Target Corporation (NYSE: TGT) reported some impressive first-quarter numbers on Wednesday, but the market response has been lackluster due to concerns over slumping margins.

Target reported adjusted EPS of 59 cents on revenue of $19.62 billion. Both numbers beat consensus analyst estimates of 40 cents and $19.04 billion, respectively. Same-store sales also jumpers 10.8%.

However, the company said expenses related to the pandemic cost the company $500 million in the quarter, and shoppers shied away from certain high-end products.

Several analysts have weighed in on Target stock.

Strong Start To Q2

Bank of America analyst Robert Ohmes said April trends were even more impressive than the first-quarter numbers, including 282% online sales growth and 16% same-store sales growth.
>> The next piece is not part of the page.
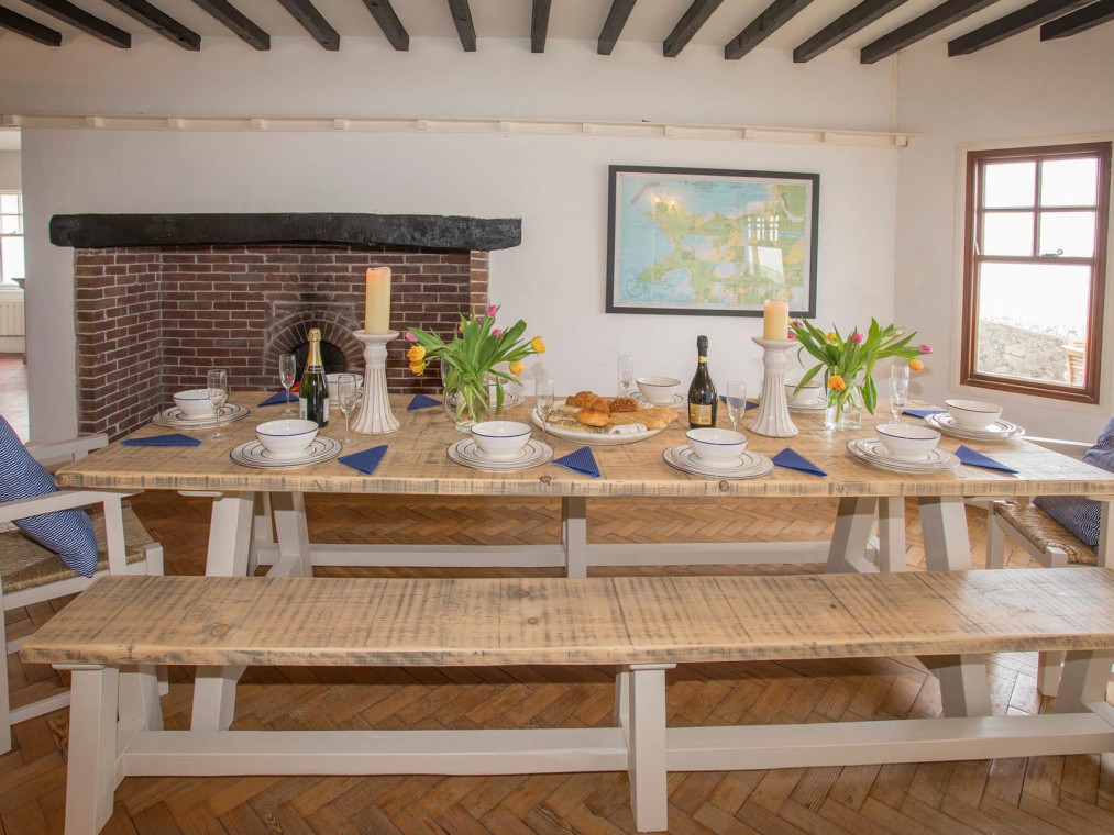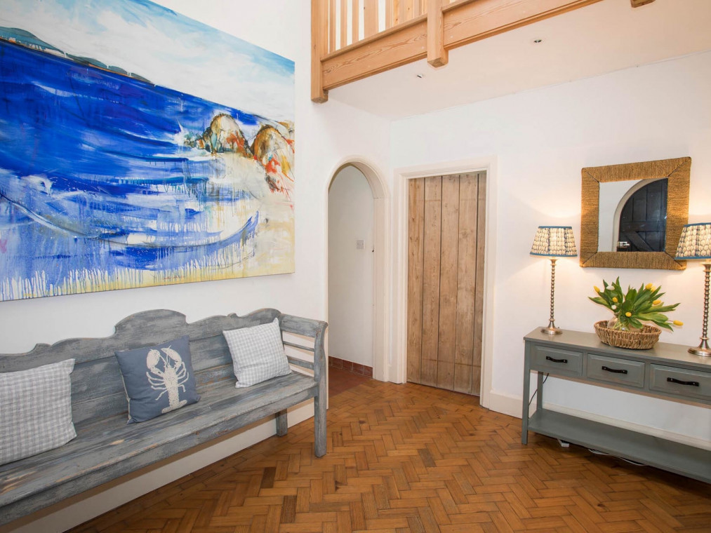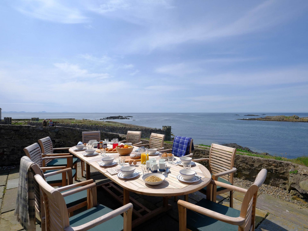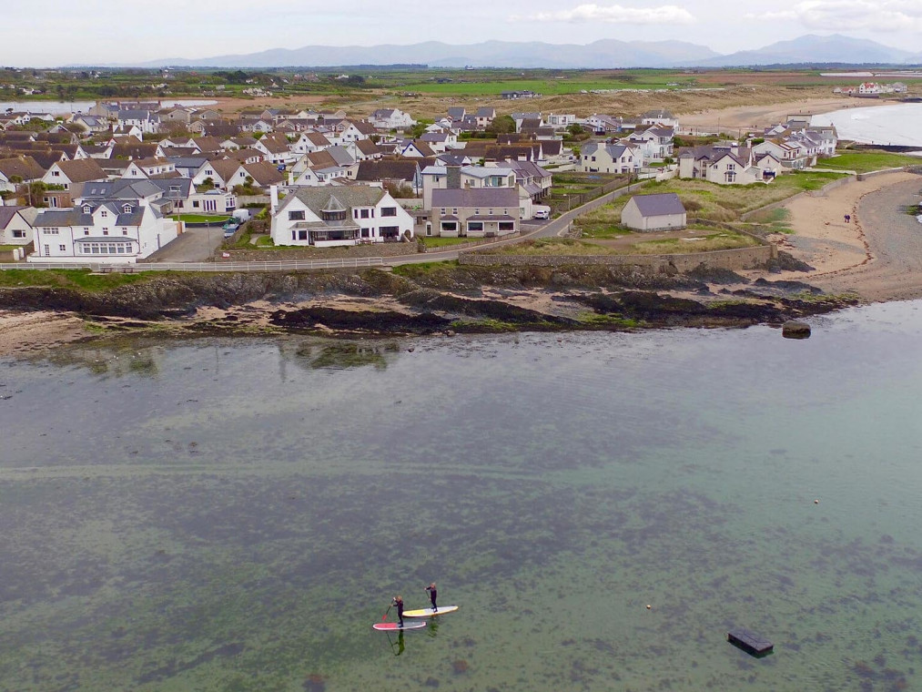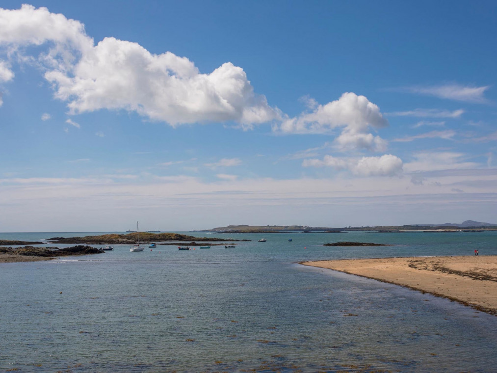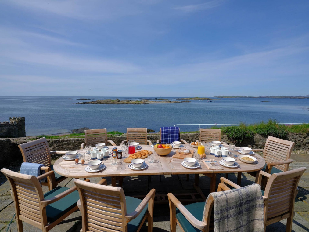 Set in the picturesque and popular village of Rhosneigr, on the west coast of Anglesey, Oonavara is quite simply the holiday house to enjoy time with friends and family. With rooms of all shapes and sizes, there is always a place to relax and enjoy the views of Rhosneigr beach. The wonderful view is a great distraction from cooking in this well-equipped kitchen. The AGA makes cooking so much easier, together with an electric cooker and hob, American style fridge and freezer and all the utensils you need for preparing delicious meals. The breakfast room, which is part of the kitchen, also enjoys the glorious view. The light pours into the first sitting room. There are masses of comfy chairs and an open fire for chilly wintry nights. Leading off this room is the second sitting room - and what a room this is! A spectacular Arts and Crafts fireplace warms this double height room which opens up to the first floor with a gallery above, and a delightful sunroom to the front. It is the perfect spot for quietly sitting and soaking up the view whilst listening to the Oystercatchers on the beach. There is a wet room downstairs with a bath, loo, wash hand basin and shower. There are two additional loos downstairs. To any children’s delight, upstairs there is a Den with a TV, games and a football table. There are six bedrooms. Three double bedrooms, two twin rooms and a single bedroom. The fireplaces in some of these rooms are exquisite. The bedrooms are all spacious and light. The front rooms all enjoy breathtaking views of the sea. The rooms on the garden side of the house have the mountains of Snowdonia as the backdrop to their view, but all have uninterrupted sea views! The upstairs bathroom has a bath, loo and wash hand basin. You'll find a large enclosed garden with shrubs and flower beds. This is another place where you will find a spot to stretch out on a deck chair and read your book. The garden at the back of the house is spacious enough to play a game of football or cricket. It's also sheltered and private so even on a slightly windier spring or summer day, you could still make the most of the fabulous weather and enjoy a BBQ together. The terrace to the front of the house has the most incredible views across to Snowdonia and it's the perfect place to enjoy a sundowner. The outside space is definitely as impressive as the joys of the inside decor in this beautiful home from home. There is a low wall along the front of the house which is about 2ft high with a big 8ft drop the other side. Please be aware for young children or dogs. Oonavara is a perfect holiday house for relaxing with friends or family. The careful mix of Arts and Crafts and 21st Century essentials make this a unique place to have a very happy holiday. Six bedrooms: 3 x double, 2 x twin, 1 x single. Family bathroom with bath, WC and handwash basin, wet room with bath, WC, shower and handwash basin. 2 x ensuites with bath, shower, WC and handwash basin, 1 x ensuite with shower, Wc and handwash basin. 2 x cloakrooms. Kitchen with AGA, electric cooker and hob, American style fridge and freezer, dining area. Three sitting rooms, first with chairs and an open fire, second, with an Arts and Crafts fireplace and a delightful sunroom to the front, upstairs to children's delight a TV Den with TV, games and a football table. Enclosed garden, large lawned area, BBQ. Garden furniture. Amenities for Rental Sea views, Wifi, open fire, den room with TV, full sized table football, central heating, Aga, American fridge freezer, electric cooker and hob, microwave, dishwasher, TV in kitchen, tumble dryer, washing machine, travel cot, high chair, stairgate, clip on high chair, ample parking - boat welcome. Short walk to restaurants and amenities. 2 well behaved dogs welcome.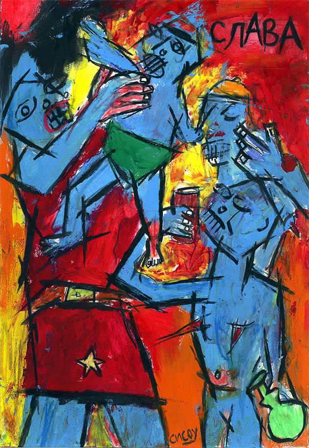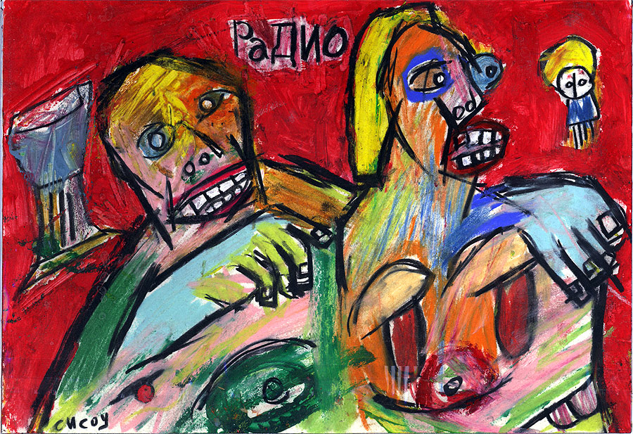 "cyrillic Sesow", 2002 completed in Sofia, Bulgaria while in the 'GeekCorps' 10.75" x 7" acrylic/mixed on paper (paint acquired in bulgaria) *SOLD |

“While store comps (excl. digital) rose just 0.9% in F1Q, they turned meaningfully positive in 2H April driven by a surge in store sales/traffic even as digital sales were growing ~300%,” Ohmes wrote in a note.

Tigress Financial analyst Ivan Feinseth said any post-earnings weakness is a long-term buying opportunity for investors.

“Target will continue to benefit from a combination of online sales with in-store pickup along with its growing expansion of same-day delivery services,” Feinseth wrote.

The New Retail Environment

Raymond James analyst Matthew McClintock said Target’s first-quarter numbers confirm his long-term thesis for the retail sector as a whole.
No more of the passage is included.